Spectroscope Backstory
On Monday, May 9th, 2016 I saw this article on the front page of the New York Times, announcing a ten-or-so-times-in-a-lifetime opportunity to watch Mercury's path across the sun. Obviously, I dropped my plans and threw together a quick astronomy lesson and a pin-hole camera.
The previous transit (Venus, June 2012) caught me equally unaware. With a very confused dog watching me - "Why aren't we in our comfy air-conditioned apartment!?" - I built first a 15-cm and then a 150-cm long pinhole camera that projected an image of the sun onto a sheet of white paper.
One of the best parts of teaching physics is all the cool stuff in the back room. This year, rather than taping together the cardboard from my apple box, I just had to cut a hole in the 1.8 m long cylindrical packaging to a resonance tube.

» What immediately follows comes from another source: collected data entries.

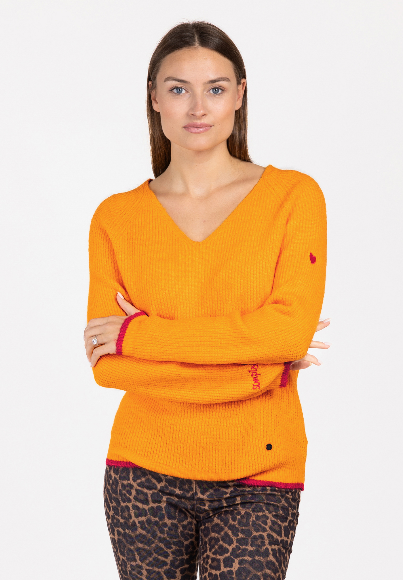 Reizender Strickpullover aus dem Hause KEY LARGO® V-Ausschnitt Verliebte Herz-Stickerei... mehr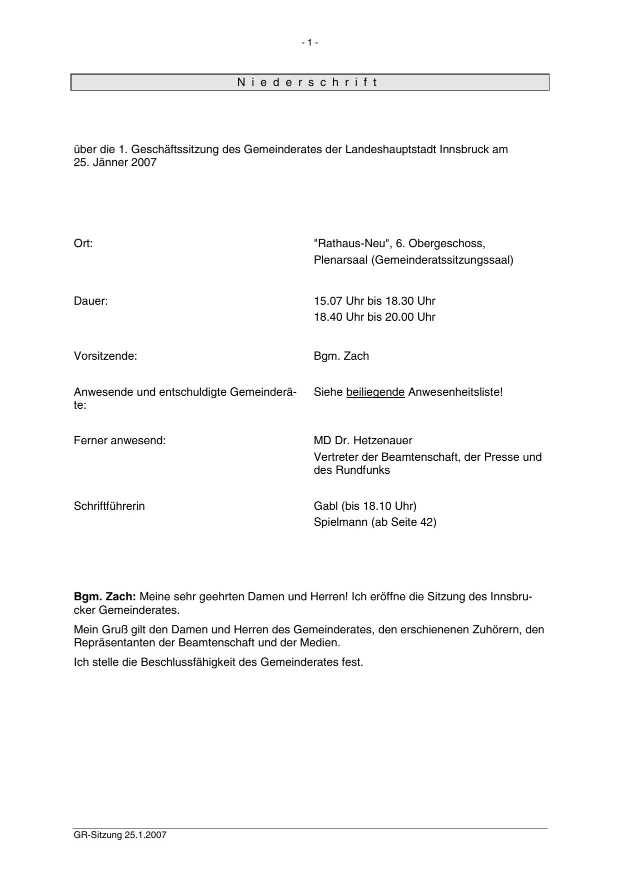 GR-Sitzung 25.1.2007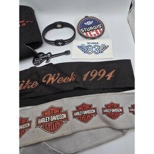 Lot of random Sturgis and Harley Davidson items! See pictures for details. Two headbands, some motorcycle parts, two keychains, a bracelet, a drink holder.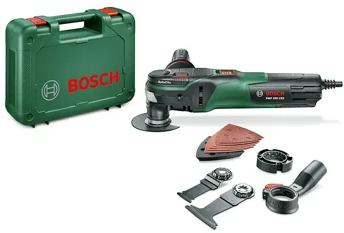 15 Händlerangebote bei billiger.de - Kategorie: Multifunktionswerkzeuge - Bosch - Multifunktionswerkzeug PMF 350 CES mit StarLock/StarLock Plus Werkzeugaufnahme und Constant Electronic für maximale Leistung auch unter Last. Sekundenschneller Zubehörwechsel dank des innovativen AutoClic-System, für den schlüssellosen Zubehörwechsel in nur 3 Sekunden. - GTIN:3165140828567 Dieses Angebot ist empfehlenswert, da es das Multifunktionswerkzeug inklusive Koffer und einem praktischen Fliesen-Set für 137.66 Euro enthält. ![]() ![]()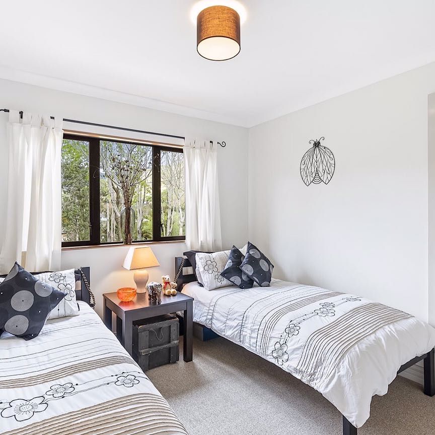 This two bathroom, four bedroom house, sits in a park-like setting with bird life in abundance and no immediate neighbours in sight and yet it is only 5 minutes drive to Paraparaumu railway station and the Coastlands mall. The landlord looks after the garden so no need to worry about mowing the lawn. Just sit out on the expansive deck and enjoy the peaceful and private surroundings filled with trees.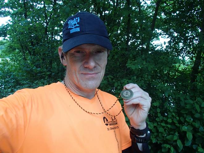 Finish 18.28 Uhr / Km 42,195 Geschafft. Am Ende dann 3:59:30 Stunden. Was habe ich im Ziel laut vor mich hin geflucht. Da kam ich mit kaputtem Fuß an und hatte damit kaum Probleme. Aber dafür tat mir alles andere weh. Der Magen, Knöchel, Darm, Leiste, Hüfte, Kopf... und trotzdem hatte ich mich mal wieder durchgekämpft. Und war sie dann: Meine Marathon-Medaille Nr. 146. |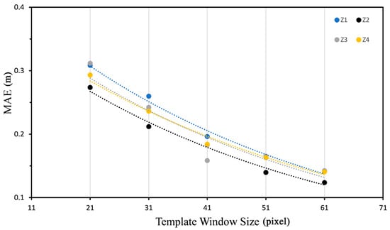 Variations of MAEs along with the sizes of correlation template window and for image pair No.1 (5 January 2022–10 January 2022).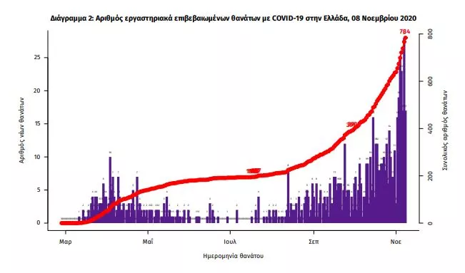 Οι νέοι θάνατοι ασθενών με COVID-19 είναι 35, ενώ από την έναρξη της επιδημίας έχουν καταγραφεί συνολικά 784 θάνατοι.Η διάμεση ηλικία των ασθενών που απεβίωσαν είναι 79 έτη. Ο αριθμός των ασθενών που νοσηλεύονται διασωληνωμένοι είναι 228 (75.0% άνδρες).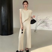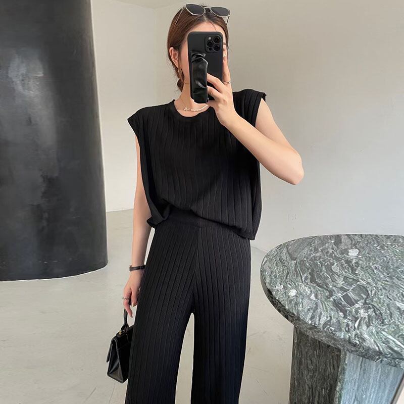 ツーピースセット女性 O ネックベストノースリーブ Tシャツブラウスセクシーなシャツニットトップスウエストワイドレッグパンツスーツ Oネック ワイドパンツ asa66740919410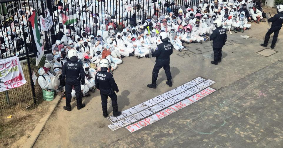 Dans le cadre de la campagne « Stop Arming Israel », des centaines d’activistes ont bloqué ce matin les sites de deux entreprises complices du génocide à Gaza. Il s’agit d’OIP (détenu par l’entreprise israélienne Elbit) dont un entrepôt situé à Tournai et contenant du matériel militaire a été encerclé puis occupé. Elbit fournit 85% des drones et la plupart des équipements militaires de l’armée israélienne. Les activistes sont ensuite partis vers Tournai, entourés d’un dispositif policier qui a essuyé des jets de projectiles. Il s’agit ensuite de Syensqo (spin-off de Solvay) à Bruxelles, qui fournit des produits à UAV Tactical System, l’entreprise spécialisée dans les drones militaires co-détenue par Elbit. Les différents accès à Syensqo ont été bloqués par les activistes, la façade du bâtiment repeinte de peinture rouge et taguée.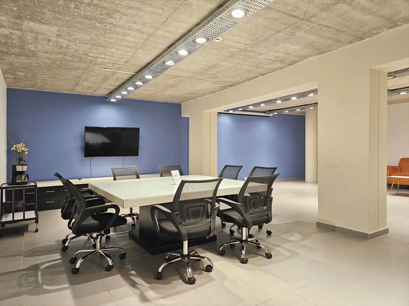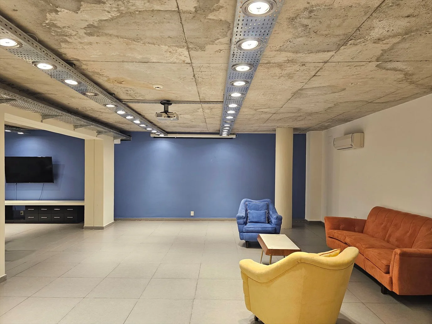 - Sala de uso múltiples - Sala de Conferencias o Sala de Reuniones- equipada con mobiliario, monitor y proyector. Costo mínimo de limpieza.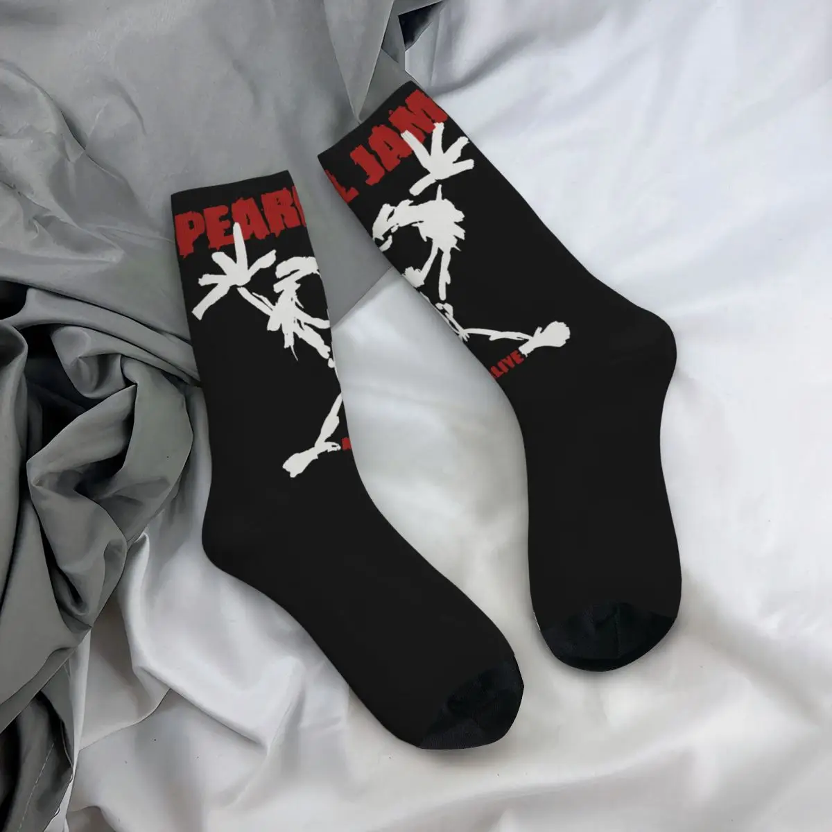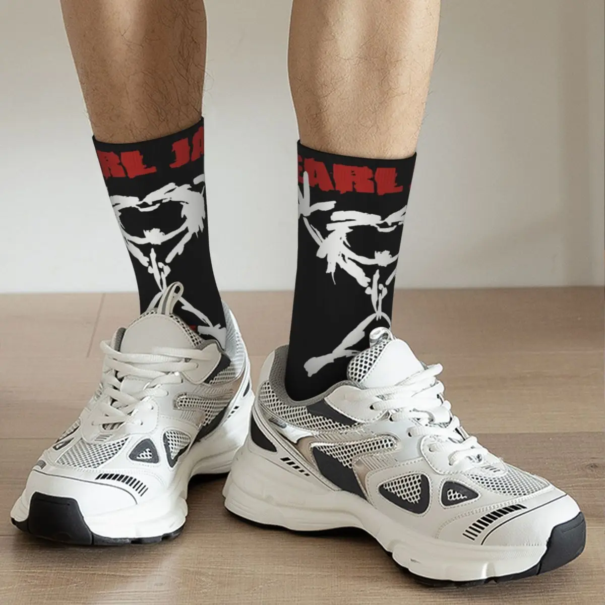 Rock your music taste with these iconic Pearl Jam socks featuring the legendary band’s bold black and red aesthetic. The design showcases striking white silhouettes of the band members against a jet-black background, with the instantly recognizable Pearl Jam text emblazoned across the cuff. Perfect for any grunge fan who wants to wear their fandom straight from the ground up, these socks capture the raw energy and attitude that defined a generation of rock music.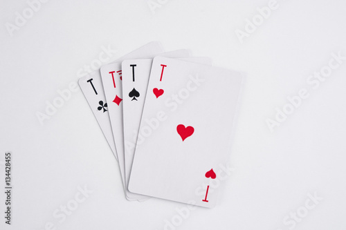 A winning poker hand of four aces playing cards suits on white

As much as I enjoyed taking a hacksaw to school propery, it turned out to be unnecesary. The astronomy teacher had a sun-spotter that quickly and easily bends and focuses sunlight through a series of mirrors and lenses.
At the end of this process is a clear, 8 cm wide image of the sun that showed both a sun spot and Mercury.
The students thought this was pretty cool.
Back in the classroom, the transit prompted a discussion of astronomy and astronomers, starting with the sad tale of Guillaume Le Gentil. I explained that the detectors in telescopes were really just fancy versions of the detectors in our cell phone cameras, and here the idea was born.